12- ¿Cuál de los siguientes defectos de coagulación requiere el uso de pruebas viscoelásticas de coagulación para una detección rápida?.A) Trombocitopenia. B) Deficiencia de factor de coagulación. C) Heparinización persistente. D) Fibrinólisis. E) Disfunción plaquetaria.
13- Los estudios de algoritmos de transfusión demuestran éxito en la disminución de transfusiones, pero no siempre disminuyen la pérdida de sangre posoperatoria medida por el drenaje del tubo torácico. A) Verdadero. B) Falso
Inmunoensayos en fase sólida en transplantes
14- ¿Cuál de los siguientes es un factor de riesgo para la aloinmunización HLA? (elija todo lo que corresponda). A) Transfusión de sangre. B) Embarazo. C) Trasplante. D) Trauma
15- ¿Que NO es necesario para establecer la compatibilidad entre el posible receptor y la pareja de donantes?. A) Tipificación de HLA del receptor. B) Tipificación de HLA del donante. C) Prueba de anticuerpos anti-HLA del receptor. D) Prueba de anticuerpos anti-HLA del donante.
16- Los 2 tipos principales de ensayos de anticuerpos son celulares y inmunoensayo en fase solida (SPI). Se recomienda realizar tanto un ensayo SPI como celular. ¿Qué 2 métodos cumplen con esta recomendación? (elija todo lo que corresponda). A) AHG-CDC y citometría de flujo. B) Luminex y ELISA. C) AHG-CDC y Luminex. D) Citometría de flujo y ELISA
17- ¿Cuál de los siguientes puede causar una interferencia falsa negativa en el SPI que puede afectar la interpretación de los resultados y resultar en el trasplante de un órgano incompatible? (elija todo lo que corresponda). A) Rituximab. B) IgM. C) ATG. D) Complemento.
Proteinas
18- La mejor combinación de pruebas para detectar proteínas monoclonales es: A) Concentraciones de inmunoglobulina sérica (IgG, IgA, IgM) B) Electroforesis de proteínas séricas y electroforesis por inmunofijación.
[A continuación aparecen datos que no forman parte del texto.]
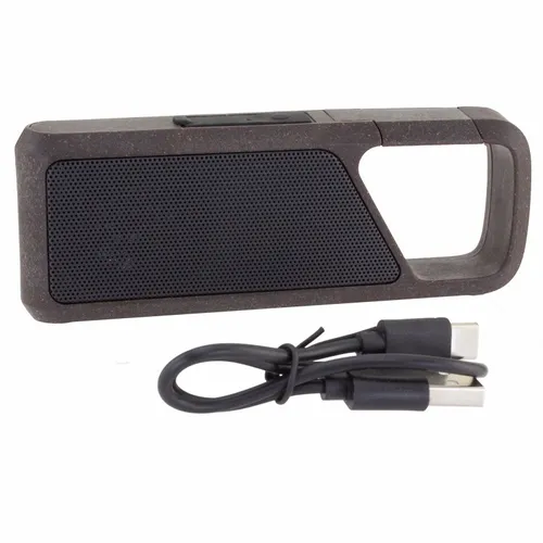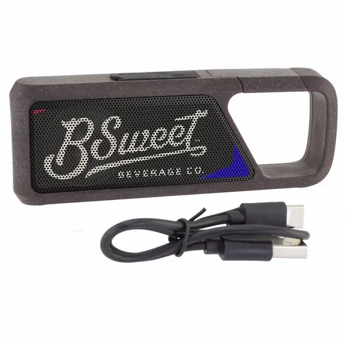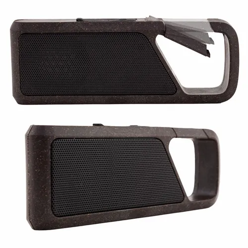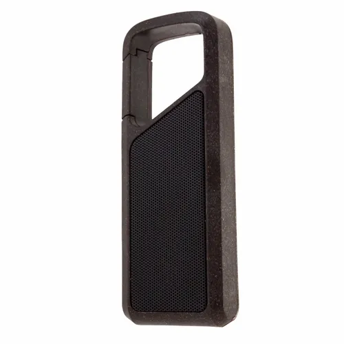 The GroundSound is a special eco-conscious wireless speaker made with recycled coffee grounds. The speaker casing is 5% plant fiber, 70% recycled plastic, and 25% recycled coffee grounds provided by an instant coffee manufacturer. You not only get to give a great-sounding speaker, but you also show your support for earth-friendly products. The speaker case exterior has a fun lightly-speckled coffee ground pattern. The top handle is also an easy spring clip to hook it onto a bag conveniently.

C) Electroforesis de proteínas en suero y orina. D) Electroforesis de proteínas en orina y electroforesis por inmunofijación
19- Los hallazgos típicos en el mieloma de cadenas ligeras incluyen todos los siguientes EXCEPTO: A) Una banda discreta en la electroforesis de proteínas séricas. B) Hipogammaglobulinemia (sérica). C) Una banda discreta en la electroforesis de proteínas urinarias. D) Una tira reactiva de orina negativa para proteínas.
20- ¿Cuál es el diagnóstico más común asociado a las proteínas monoclonales?. A) Amiloidosis. B) Mieloma múltiple. C) Gammapatía monoclonal de significado indeterminado. D) Macroglobulinemia de Waldenstrom
Respuestas según el articulo original
1-D) Valor negativo (NPV) alto .2-C) Influenza C. 3- B) Falso. 4- C) Detección de colonización. 5- C) Contenido de O2. 6- B) Una oxihemoglobina fraccionada normal es más alta en Denver que en Boston porque tiene menos contaminación del aire.7- C) Ley de Beer.8- C) Disminución de PCO2, y HCO3. 9- A) Diarrea. 10-C) Altas concentraciones de proteínas séricas (por ejemplo, mieloma múltiple) 11- E) Todo lo anterior.12- D) Fibrinólisis.13- B) Falso.14- A), B) C).15-D) Prueba de anticuerpos anti-HLA del donante.16-C) AHG-CDC y Luminex. D) Citometría de flujo y ELISA. 17-B) IgM. C) ATG. D) Complemento.18-C) Electroforesis de proteínas en suero y orina.19-A) Una banda discreta en la electroforesis de proteínas séricas. 20-C) Gammapatía monoclonal de significado indeterminado.